Как только этот парень женился на Паньке, в Анну будто бес вселился. Такая стала наскипидаренная, так кадриль отплясывала, аж половицы гнулись. Частушки залихватские начнет – так у ребят, бывало, глаза разгораются. К Гаврилу и Якову все больше подкатывалась. До того головы-то им закрутила, что они чуть не передрались.
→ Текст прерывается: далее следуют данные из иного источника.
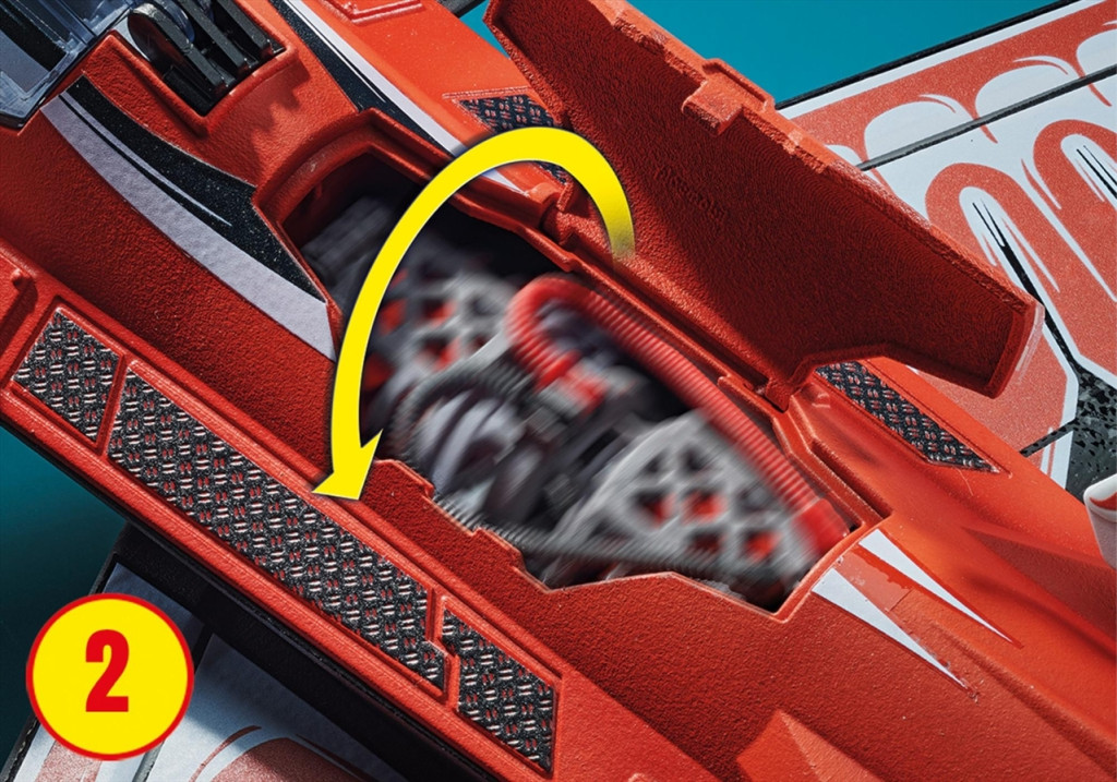 Menő "Sas" optikkal. Forgatható motortubinával a repülőgép törzsében, amelyet egy felhúzható motor hajt. Lerombolható oszlopokkal az izgalmas repülőgyakorlatok imitálásához.
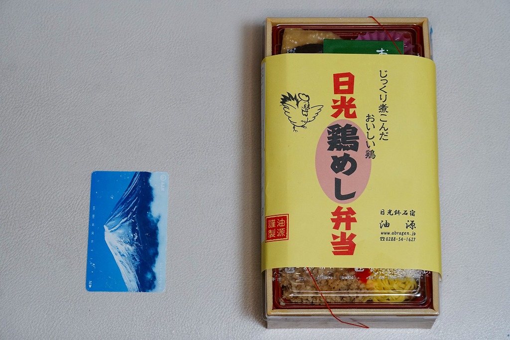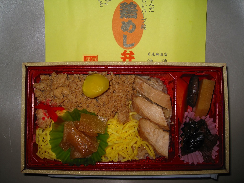 分量豊富でホクホク柔らかい鶏肉の味はくせになるし、全国各地に広がる鶏飯駅弁にこのような内容と風味は思い当たらない。ネット上のブログにはおいしかった報告がいくつも見付かる、日光の地になければ主役を張れそうな、B級グルメの面構えをした高品質な創作弁当。見本写真によれば、本来は具が鶏ほぐし身を埋め隠すレイアウトである模様。価格は2009年の購入時で850円、2014年4月の消費税率改定で880円、2020年時点で950円、2021年時点で920円、2022年時点で960円、2023年時点で1,000円、2024年時点で1,080円、2025年時点で1,150円。
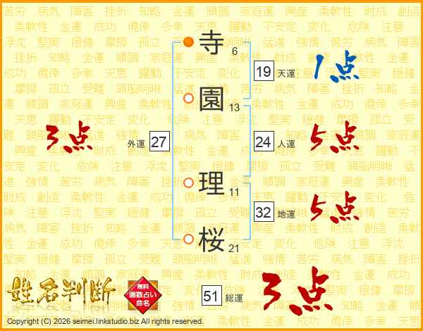 生活面を象徴する運勢です。外部から受ける影響力を表し、結婚運、家庭運や職場、環境への順応性を表します。総運から人運を引いた画数。姓や名が1文字の場合を除く。
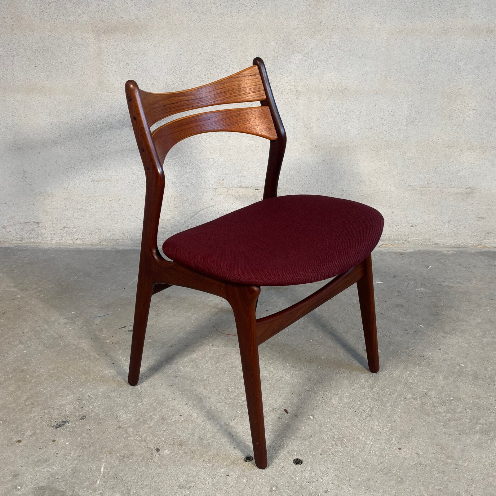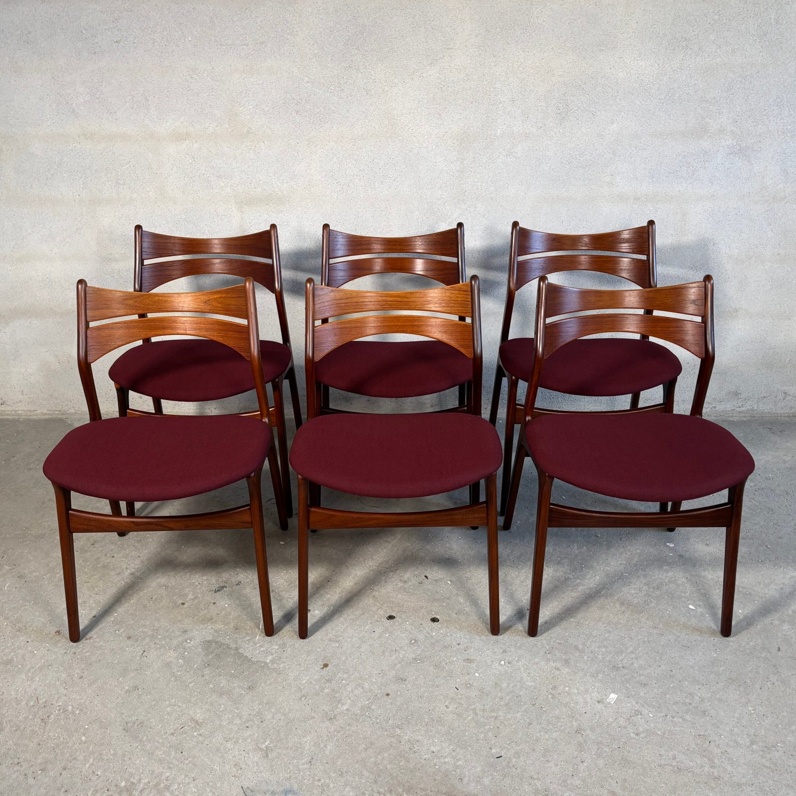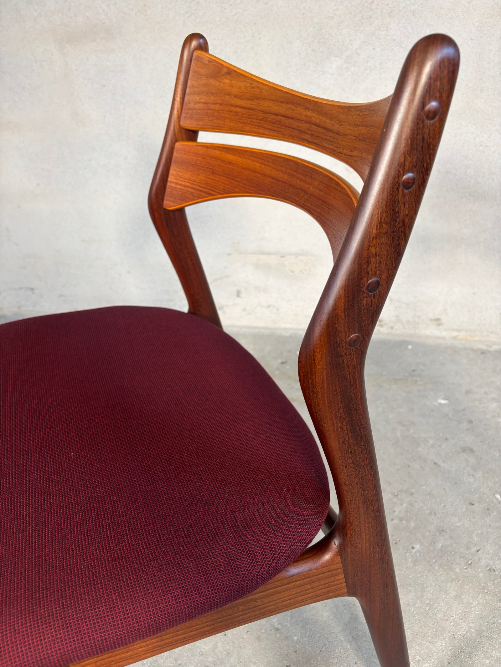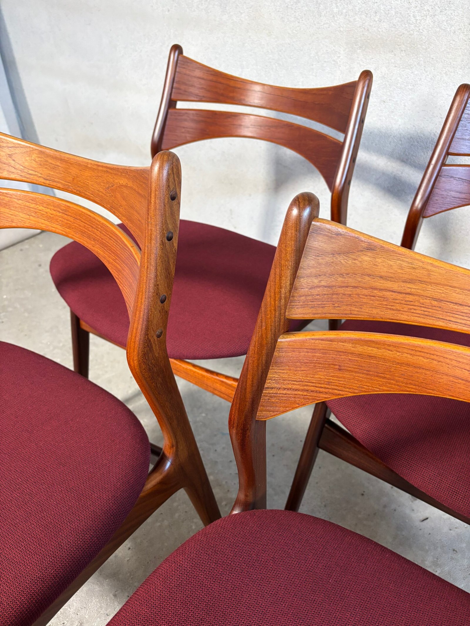 The solid teak frames offer durability and a warm natural tone, while the newly upholstered Kvadrat frabric in a deep burgundy/red shade adds depth and richness to the overall look. Fully restored, the chairs present a balanced and inviting aesthetic — suitable for both modern and classic interiors.
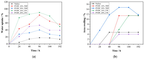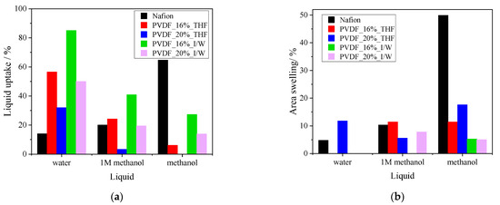 3.3.1. Liquid Uptake Capability and Area Swelling
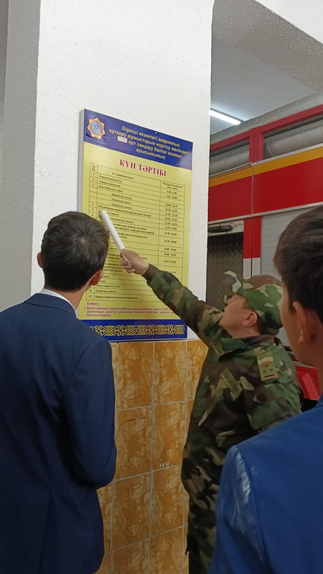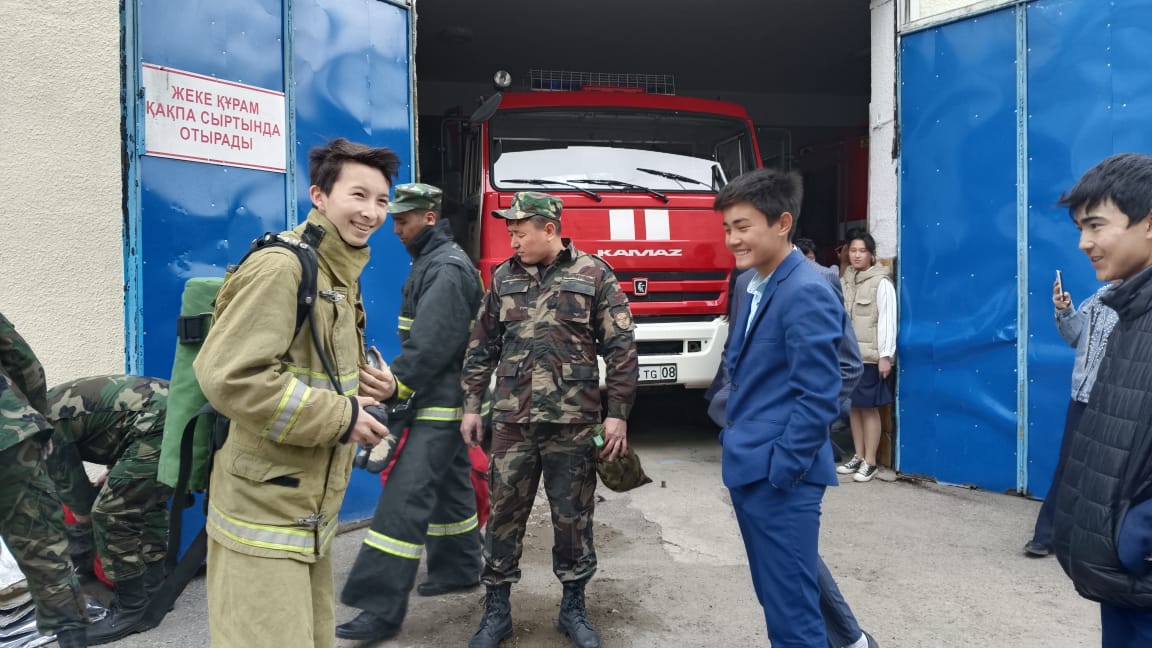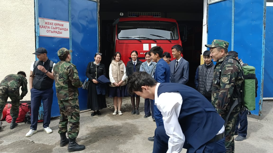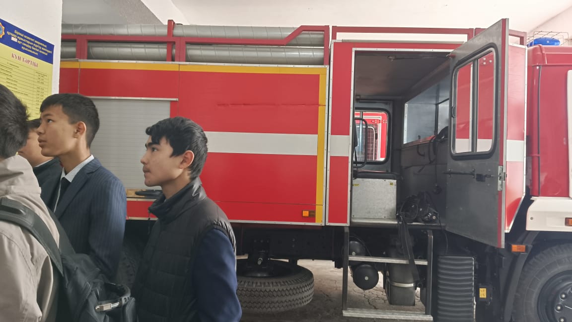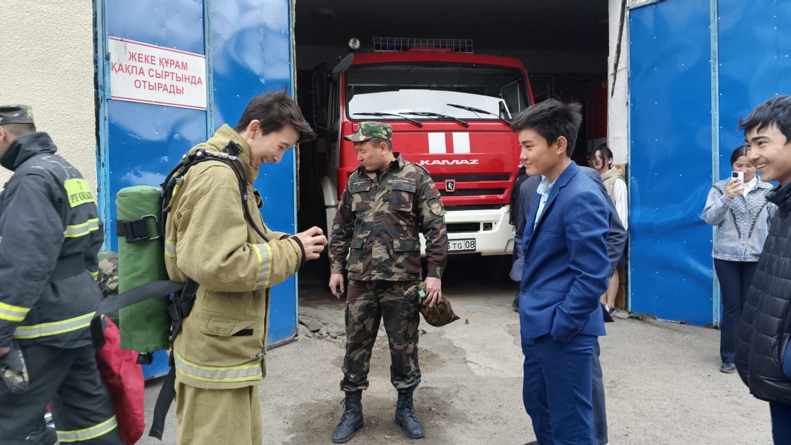 Мектептің кәсіби-бағдар беруші педагогы Скакова Самал Бауыржановна Шу қаласындағы өрт сөндіру қызметіне 9,11 сынып білім алушыларымен «Ашық есік" күніне орай экскурсия ұйымдастырды. Ғаламдағы ең қауіпті мамандықтардың бірі – өрт сөндіруші қызметі. Білім алушылар өрт сөндіру қызметінің қаншалықты жауапты да ауыр қызмет екенін өз көздерімен көріп, өрт сөндіруші киімін киіп, нағыз ер азаматтарға тән мамандық жүректілік пен батылдықты талап ететінін сезінді. Күнде өлім мен өмірдің арасында арпалысып жүрген батырлардың құрал-саймандарын қолдарымен ұстап, атауларымен танысты.
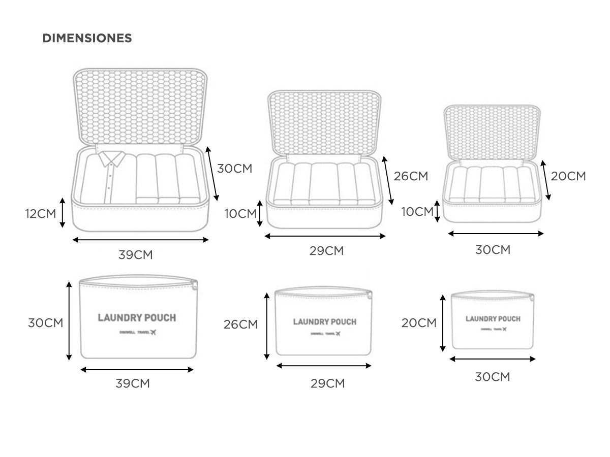 Este conjunto de 6 organizadores de diferentes tamaños está hecho de un material impermeable y resistente que protegerá tus pertenencias de la humedad, la suciedad y los daños durante tus viajes. Con su diseño plegable y ligero, podrás guardarlos fácilmente en tu maleta o mochila sin ocupar demasiado espacio.
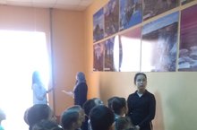 Ученики старших классов провели экскурсию для учеников начальной школы по выставке "Моя Россия", которая расположена в фойе второго этажа.Цель выставки – показать детям масштаб страны, ее красоту и неисчерпаемые природные богатства. На выставке представлено очень много мест, достойных восхищения! Север и юг, тундра и барханы, горы и гейзеры – все это наше богатство, наследие наших предков. Цель выставки – наглядно показать детям Россию, которой невозможно не гордиться. Со многими красотами России старшеклассники уже успели познакомиться на уроках географии, а вот некоторые достопримечательности они увидели в первый раз. Дети смогут поразить и своих родителей знаниями и заразить интересом к неисчерпаемым красотам России.
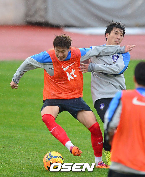 홍명보 감독의 지도아래 현지 회복 훈련 중인 지성용, 김보경 선수를 제외한 축구대표 선수들이 비가 오는 가운데 미니게임 훈련에서 손흥민이 경기에 열중하고 있다./ ajyoung@osen.co.kr
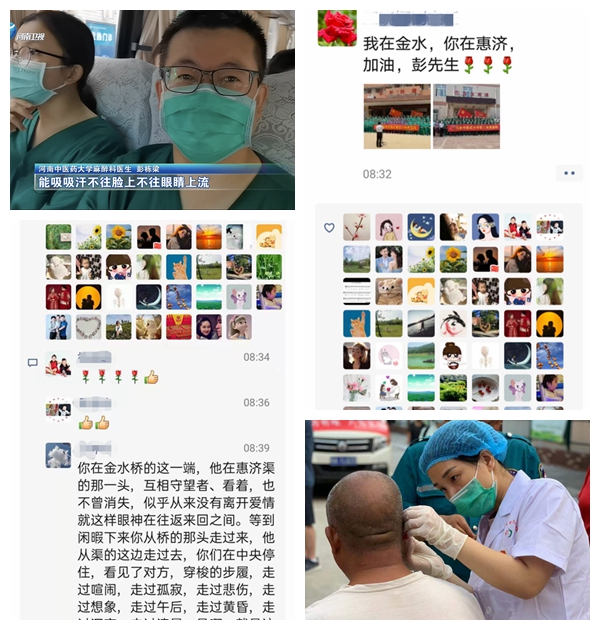7月28日,接到河南省卫健委的防汛救灾紧急通知,三附院要派出救灾医疗队驰援新乡卫辉市,她闻令而动,第一时间报名。她的眼眸里透着刚毅与坚定:“我是党员我先上”,她不敢告诉在家的父母,自己要冲向“危险”的地方保护他人的平安,她对两个年幼的孩子也只能忍下思念,把家中的责任留给同为医务人员—医院麻醉科的丈夫“彭先生”。她不太爱表达思念,只言片语互相守望,在疫情猛兽之间共同守护共同的信念。
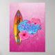 Surfer girl design with water splashes, retro style surfboard with Hawaiian Honu turtles, and pink hibiscus flowers.
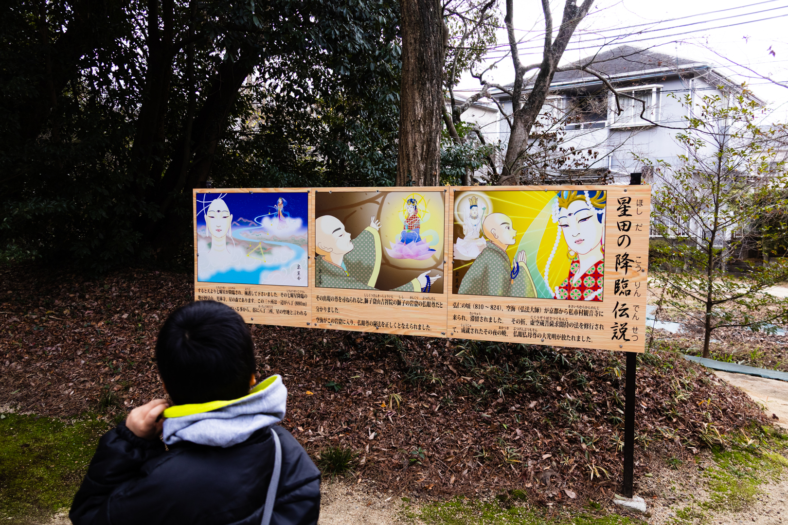 弘仁年間(810~824年)弘法大師が交野に訪れた際、獅子の窟に入り佛眼仏母の秘宝を唱えると天上から北斗七星が降り3か所に分かれて地上に落ちたそうです。その内の一つが星田妙見宮に落ち御神体として祀られているそうです。
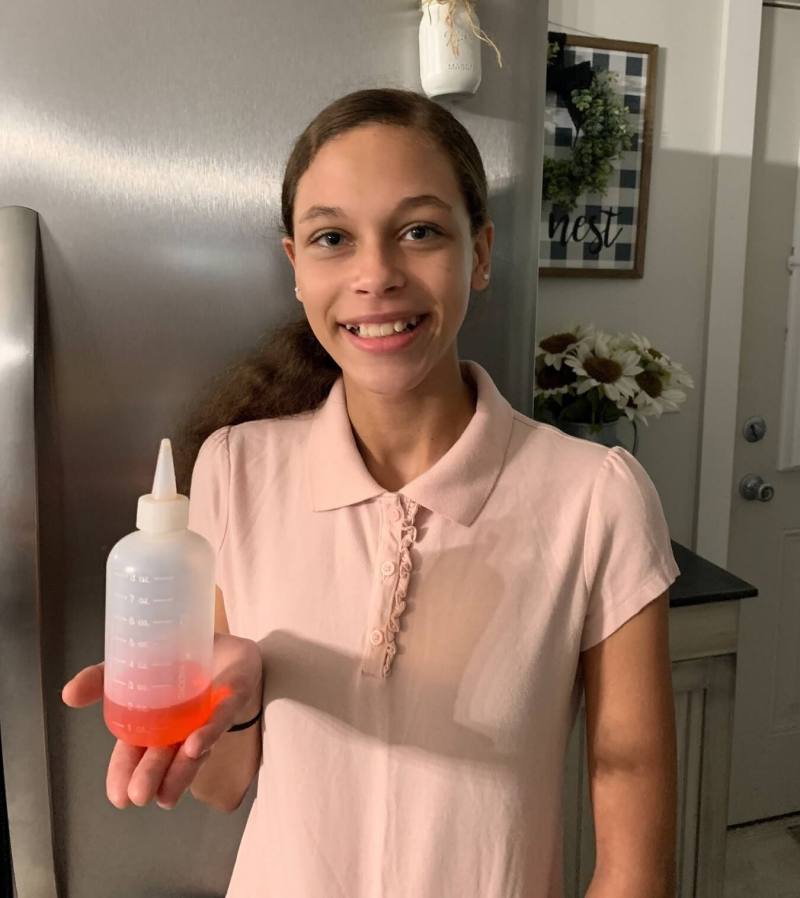 The student said she enjoyed presenting her idea and also liked making the solution. The secret recipe consists of 12 oz of water, a drop of food coloring – which also denotes the drink’s flavor – and the special concoction of age defying nutrients.

– Такое над парнями выделывала, что даже нам с Никитой хотелось ей чем-нибудь досадить. Она и другим ребятам головы морочила. Многие девки неделями ревели: она у них женихов отбивала. Только какой заглядится на нее, отступится от своей любушки – она тут же его и бросает. Словно надсмехалась, вот ведь до чего зловредная была, – говорил Алексей Михайлович. – Кровь многим попортила… Тут и Яков, задетый за живое, сверкал гневным взглядом, подсаживался к ней с прибауточкой, прижимал сапожищами ее ножки в полусапожках, и она разом менялась – такой овечкой прикидывалась… Ровно это и не она срамила Пахома Авдотьиного при всех, что он с ней без пряников заигрывал. А он и сам-то их век не видывал – в бедности жил. Потом миляга так переживал, что на себя стал не похож. Пахом был тихий, скромный, а вот влюбился до безумия и никого больше не видел. Совсем его извела, бесстыжая. На вечерку идет, бывало, розовый платок на голову накинет, чулки узорчатые специально наденет, да еще в башмаках козловых вынарядится, чтобы сразу парням в глаза броситься.
Пахом стеснялся своего высокого роста, сутулился, краснел и все терпеливо сносил – ждал: уйдут скоро на службу соперники – там видать будет…
Конфетку Яков ей в ладошку притиснет, пальчики ее в кулачок сожмет, притянет к себе лапищей, да еще и на ухо зашепчет, шевеля усами ее золотую сережку, – она так и зарумянится, голубыми глазками-то поплывет в истоме по избе. А уж последнее время прямо с вечеринки и в овин уведет. Тут уж и Гаврил загорится, проводит их прищуром и к нашей соседке пристанет – и ему отказу не было, конфетками-то когда одарит.
Оскорбленные ходили с гармонистом по улице, зло вымещали:
У тебя Анюта есть – срам на лавку вместе сесть:
Нос картошкой, рот большой, сопли тянутся вожжой!

Яков и Гаврил драку затеяли с парнями, что про Анюту частушку пели, пока рекрутили. Андрей еще на выручку прибегал: грудь гола, нож в голенище, даром что женатый.
И девки, бывало, не отставали:
Коля, Коля, Николай, Коля-Николашка,
Ты меня не оммани, как Параньку Яшка.

Конфетами одаривали только на праздничных вечеринках. А обычно – смех да песни в избе. Девки от ухажеров глаза прячут, а руки сами кудель тянут да веретено крутят. Зато когда парни соберутся на вечерку, так чуть с ума не сходят друг перед дружкой – всем ведь не терпелось себя показать.
Наблюдали мы и за молодками. Больше всего подглядывали за двоюродницей Никиты, дочерью его дяди Андрея. Она росточком не удалась, сама сухотелая, ножонки тонюсеньки, коса ровно хвостик, а глаз на красивого здоровяка из деревни Горки положила. На вечеринку как на смотрины наряжалась. Все завлекала его. Умерла потом, когда мы с Никитой служили.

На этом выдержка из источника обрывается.